A Tangent Worth Taking — The Annual Trip Dynamic

There is a specific male institution worth understanding: the annual trip. The fishing weekend, the golf trip, the long weekend that a group of men has been doing for years. From the outside it can look like an excuse to drink and avoid responsibility. From the inside it functions as the maintenance system for friendships that would otherwise atrophy. It provides the shared experience that adult life otherwise fails to generate. It creates the stories and the references that sustain connection between trips.

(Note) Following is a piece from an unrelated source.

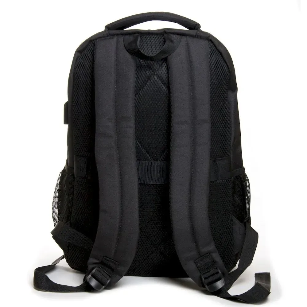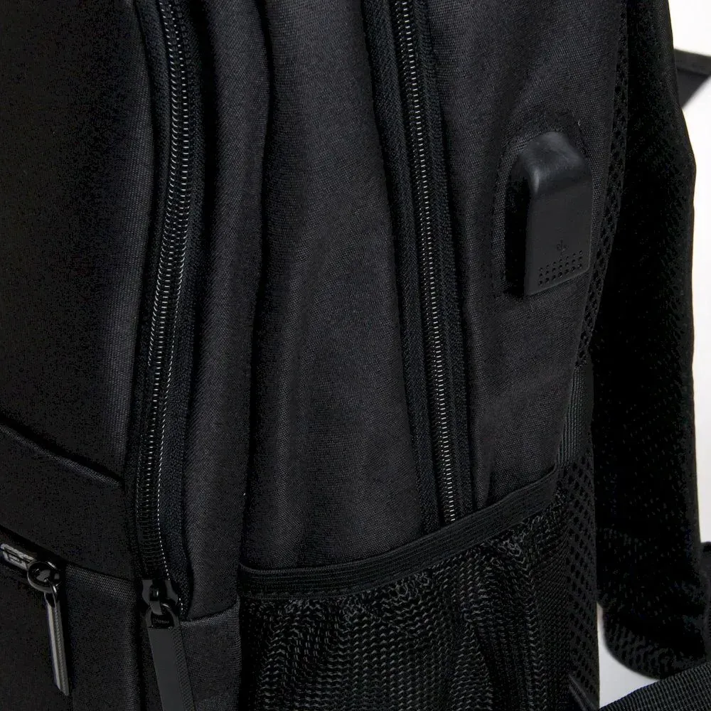 Рюкзак городской Lanpad. Изготовлен из плотного материала. Уплотненная вентилируемая спинка. Два отделения, закрываются на молнию. Внутри есть боковой открытый двойной карман и карман для ноутбука. Из отделения выведен на наружную боковую стенку USB кабель. На фасаде находятся два больших кармана на молнии. А на боковых стенках - открытые карманы-сетки. На задней стенке есть крепление на ручку чемодана. Плечевые лямки регулируется по длине.

Men who have one of these and show up for it — who protect it from the encroachments of schedule and responsibility — are often maintaining the most important friendships in their lives through what appears to be a recreational indulgence.

How to Actually Build It

The men who have functional brotherhood after forty tend to have done one or more of the following: found a recurring commitment that puts them in regular contact with other men around a shared purpose, been willing to be the one who initiates and maintains contact rather than waiting for reciprocity, and allowed at least one friendship to see past the competence-and-good-humor exterior into something more honest. That last step is the hardest and the most necessary. You cannot have brotherhood through performance. The bond requires that something real has been exchanged. This means that building genuine male friendship in adulthood is inseparable from the willingness to be, at some moments, honest about how things actually are. Many men have friendships they could deepen if they were willing to do that. Most of them have not taken the risk yet. The risk is worth taking. The evidence for this is overwhelming. The men who take it, consistently, end up with something the rest of their lives are built on.